🤖 AI Summary
Existing tools struggle to identify school-level patterns of psychological vulnerability among Korean elementary students from item response data. To address this gap, this study proposes the Hierarchical Latent Space Item Response Model (HLSIRM), which introduces— for the first time—a signed subject–item inner product interaction mechanism within a hierarchical framework to jointly model and visualize main effects at both school and individual levels, as well as their interactions with assessment items. Applied to data from 2,210 students across 35 elementary schools in Incheon, the model uncovers four distinct vulnerability dimensions, revealing that lack of prior counseling is a widespread risk factor, whereas stress, depression, and smartphone dependency are concentrated in specific schools. These findings provide empirical support for targeted, school-based mental health interventions.
📝 Abstract
Mental health difficulties among elementary school students represent a growing public health concern in South Korea, yet analytical tools for identifying school-specific vulnerability patterns from item response data remain limited. We propose the hierarchical latent space item response model (HLSIRM), which adds hierarchical respondent effects and an inner-product latent interaction for signed respondent-item associations, yielding a unified interaction map that separates school, individual main effects from school/individual-item interactions. We apply HLSIRM to mental health vulnerability data from 2,210 elementary school students across 35 schools in Incheon, South Korea.

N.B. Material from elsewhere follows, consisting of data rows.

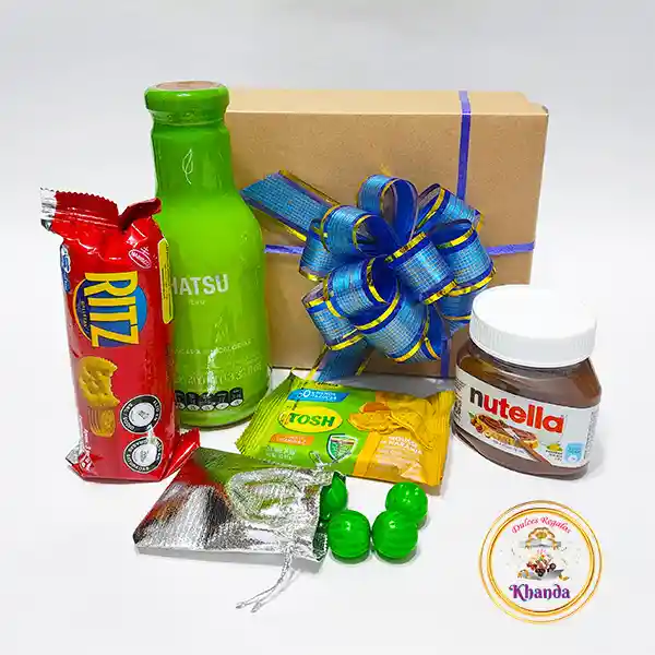 Caja Khanda Regalo Nutella y Galletas, contiene: 1 Tarro pequeño de Nutella x 140gr, 1 Tea Hatsu x 400ml, 1 Taco de Galletas Saladitas Ritz x 58,6gr, 1 Paquete de Galletas Tosh Mouse de Naranja, 7 Chicles Ensalada de Frutas - Caja Ecológica Grande con Moño (Colores Variados).
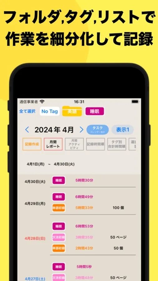 タグ管理:測定された時間と作業記録はタグで分類。タグはフォルダで管理でき、作成・修正もいつでも可能。同じタグで記録されたデータを多角的に分析できます。ただし、タグを削除するとそのタグに関連する記録も削除され、noTagとして分類されます。
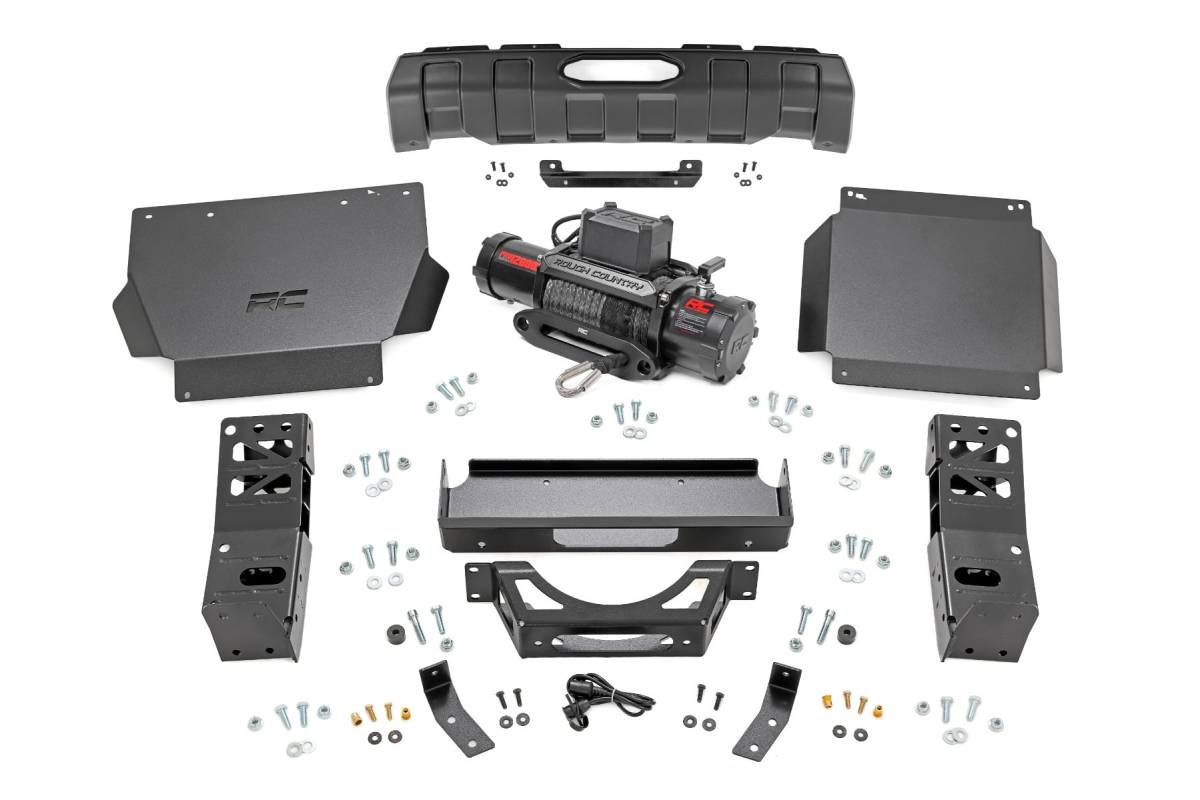 Hidden Strength, Visible Performance: Upgrade your fourth-generation Toyota Tacoma with Rough Country's Hidden Winch Mount Kit, delivering discreet power, rugged durability, and a clean, factory-style finish. Perfect for off-road recovery without compromising style. Stealthy Winch Integration: Designed for Rough Country's PRO9500S and PRO12000S winches, this hidden mount tucks recovery power behind the front fascia, creating a streamlined, low-profile appearance. Maximum Protection: The included differential skid plate shields vital drivetrain components, giving you confidence on rugged trails. The front skid plate also features a laser-cut Rough Country logo for a signature touch of style. Heavy-Duty Construction: Built for extreme durability, the 7-gauge steel winch tray and mounts provide rock-solid support, while 11-gauge steel skid plates offer reinforced undercarriage protection against tough terrain. OEM-Style Front Fascia Included: A new front fascia replaces the factory unit, maintaining a clean, seamless look while concealing the winch system without compromising your Tacoma's refined design. Engineered with an integrated fairlead opening, this fascia eliminates the need for any external cosmetic cutting or trimming, delivering a factory-quality appearance with built-in provision for proper fairlead installation. Effortless Installation: Hit the trails sooner with a bolt-on structural design that makes installation quick and hassle-free. Bumper wing supports mount directly to factory intrusion bars for a secure, factory-like fit. Trail-Ready Performance: Rough Country's Hidden Winch Mount Kit for the Toyota Tacoma combines stealth, strength, and functionality in one low-profile package, giving your truck the ultimate off-road capability.
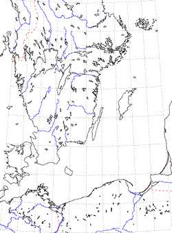 All passes received and within the defined areas were first quality checked, i.e. percent coverage of the area, missing lines or area at the edge of swath was indicated. For the Baltic Sea area, 4 passes per day were processed and interpreted for the occurrence of algal blooms, suspended sediments and various temperature anomalies, both near the coast as well as in the open sea. For the North Sea and the Gulf of Lion areas, one pass per day per area was interpreted. All detected features were described in text and often marked in a subset image and then distributed from the local web server. An example of the extensive bloom during 1997 can be seen in Figure 3-3. The image annotations have not been transferred into the HDF files, but are available on the web server. During the intensive bloom periods in July-August parallel interpretations on the same AVHRR image but with two different operators have been performed. This ad-hoc quality evaluation indicates that the differences imposed by two operators are only minor. When a difference occurs it is most often limited to the exact location of the outer (visible) limit of the bloom (surface accumulation of the cyanobacteria).
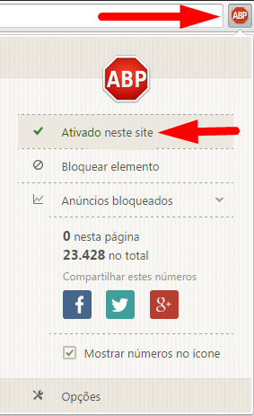 No canto superior direito do Chrome ou Firefox, clique no ícone da ABP, e desmarque a caixa "Ativar Adblock Plus".
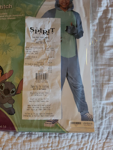 Read moreThis store and the other stores don't have a changing room to try on any of the costumes, and they just recently posted signs in their stores , no returns, this is ridiculous , I would advise everyone to not shop at any of these stores, their policy sucks, especially when you can't try on any of the costumes in store before you buy them. They need to be turned into the BBB. Don't fall for this stores garbage, go online and buy and don't give them any of your business if you are a smart shopper. I guess that's why it's called trick or treat, these stores get the treat, (your money) and they get to trick you( no returns)....
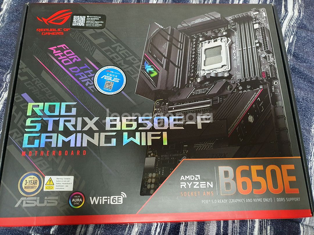 ASUS ROG STRIX B650E-F GAMING WIFI 무상A/S: 대원CTS (~27년 4월) 국내정품 풀박스 구성품 미사용 특이사항 없음 영수증O 올해 6월 미개봉 신품 구입후 대원CTS 방문 초기불량확인 및 바이오스 패치후 사용 PCIE5.0 및 AM5 지원 그래픽카드 레인공유 없음 (속도저하 이슈없는 몇 안되는 보드) 비흡연자이며 애완동물X 가정집 책상위에서 사용 직거래시 부천 범박동 범박지구대앞 택배거래시 우체국택배 +4000(파손면책동의) 환불X 교환X 흥정X

Clustering item vectors by directional similarity identifies four empirically derived vulnerability domains. School-level analysis reveals that the absence of counseling experience is the primary vulnerability domain aligned with most school vectors, while stress, depression, and smartphone dependency concentrate in specific schools. Within-school analysis demonstrates how individual student positions in the interaction map translate into targeted intervention strategies that address school-specific needs.